The above comments where made in reference to on-going operations. In a reply I've included the 'build' carbon too. I think a working Algae farm should be greenhouse gas (GHG) negative to start with and over time become slightly GHG positive once all fossils fuel usage (as a fuel) is replaced.

My reply to David and anyone who's interested.

Second attempt at a response. First one was turning into Ben-Hur.

Here is how I see it.

All the carbon in algae come from the atmosphere in the first place, so any burning process no matter how efficient or inefficient should be neutral at worst. Indeed an inefficient burn that produced an algae-char replacement for bio-char (charcoal) could make the process helpfully GHG negative.

Now lets switch to the energy front.

I going to assume that the total energy production over the life of the algae farm & associated processing chain is greater than the total energy consumption involved in building and operation said algae farm & processing chain. (if this is not true what we really got is most likely a coal to oil plant, and a different ball game).

Given the algae farm is a net energy producer, I'm going to assume these guys eat their own dog food and this means:
* they built the farm & chain using energy from the last one they built and
* that operational energy will be drawn from the farm & chain's previous operations

If the above is true, the carbon footprint is the physical carbon embedded in making the steel and other manufactures (ie coking coal needed to make the steel).

In reality this is likely not to be true. I.e. the bio-mass oil produced is likely to be used for transport, while the chain is operated by gas fired electricity (or some other non transport grade energy source). I'm not including this in my logic because this factor is highly situational.

Back to the carbon front.

Assuming that the net energy produced is going to replace the 'worst carbon energy source'. Isn't this what emission trading systems (ETSs) do? Act as a pricing mechanism to transfer resources between players. (I'm not including net changes to total human energy demand, that shouldn't effect the carbon & energy budget of individual artefacts).

Shouldn't any carbon cost of building and operating the farm & chain be far less than the carbon cost of building/continued operation of the low cost 'worst carbon energy source' that it replaces.

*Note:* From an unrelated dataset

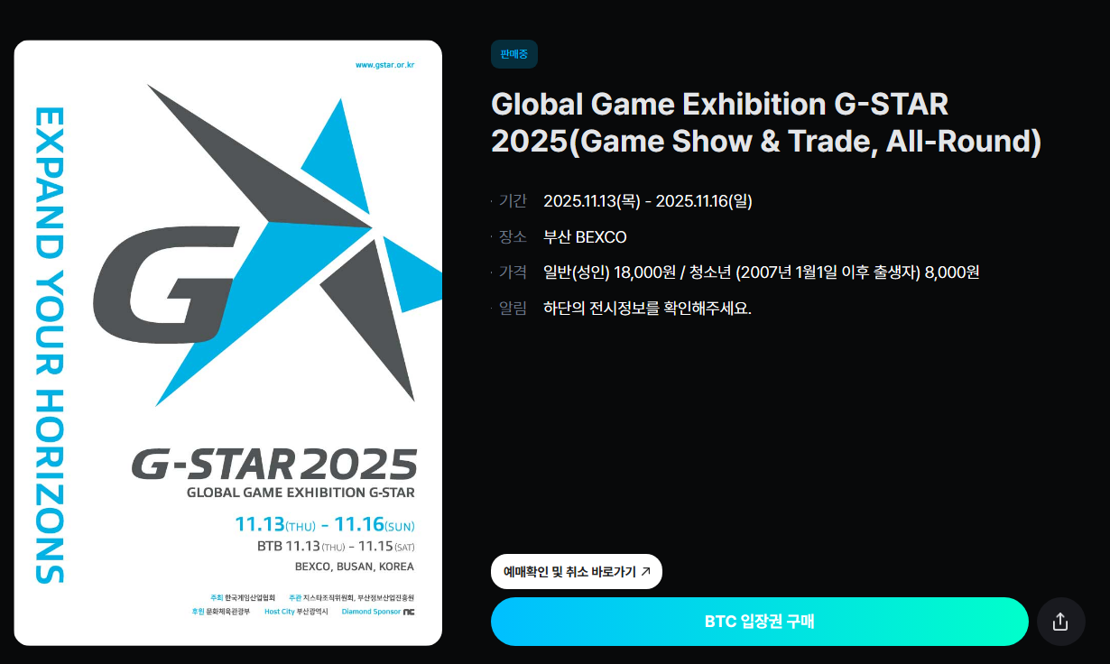 올해 지스타 2025는 11월 13일(목)부터 16일(일)까지, 부산 벡스코에서 4일간 진행됩니다. BTC(일반 관람객 전시)와 BTB(비즈니스 미팅)으로 구분되어 운영되며, 올해 메인 스폰서는 NC소프트입니다. 슬로건은 “게임, 그 이상의 경험”, 이름 그대로 게임 이상의 즐거움을 준비 중이라고 하네요.

Granted the shut down of the low cost 'worst carbon energy source' won't happen on the day the algae farm & processing chain go operational. But the low cost high carbon alternative won't start either. Over time (and assuming governments don't corrupt the working of an international ETS system that includes an escalating carbon cost) the 'worst carbon energy source' will get replaced.

*** A working International Climate Change Agreement that a working International ETS system would be based on is a PRE-CONDITION to successfully fighting Global Warming (what the Australian Labor Party (ALP) is pushing atm does not meet these conditions and thus is a waste of current effort and may have big opportunity costs) ***

If the above happens, isn't an algae farm going to be GHG negative. The better the gross energy production:gross energy cost ratio (for the total life cycle), the more GHG negative the algae farm should be.

At some future date.

Repeating the no build/closures of 'worst carbon energy source' cycle over time would get you to the situation where the next algae farm itself becomes a 'worst carbon energy source'. One would hope that the base carbon cost is building an algae farm without the 'worst carbon energy source' offsets (offset = 0), is low enough that at that mythical future date when the human world as run by algae farm, the carbon load will be well within the Earth's ability to absorb (on an annual basis).

Update: If you get metal recycle percentages increasing, the net energy production would drop. but fossil fuel usage (as a feed stock, not a fuel) would drop too. This would close the introduction of fossil fuel (new) carbon into the carbon cycle down even more. More new carbon now (before the peak carbon), less new carbon later (at and after peak carbon): a good thing.

The end.

David, peer review to you hearts content. This in just a thought experiment on my part. Hope people find it helpful.

Gnoll110

Batteries and Oil to Solar

Talk on twitter last night got on to the topic 'oil to solar'. I think the topic needs a post about batteries just to make things more informed and complex.

The are 3 battery types I wish to expend on. What I call electrochemical, potential energy and thermal.

Electrochemical

These are what we normally think of as batteries. It covers many chemical reaction the produce electrical current. They are all example of Galvanic cells. The two most common are the Lead-acid battery used in cars and the ubiquitous Alkaline battery of screaming children on Christmas day fame. Some are rechargeable, some aren't.

In some application, like electric cars, where size and weight is an issue there a many exotic reactions under consideration. Being exotic, cost and rarity become an issue for wide spread application becomes.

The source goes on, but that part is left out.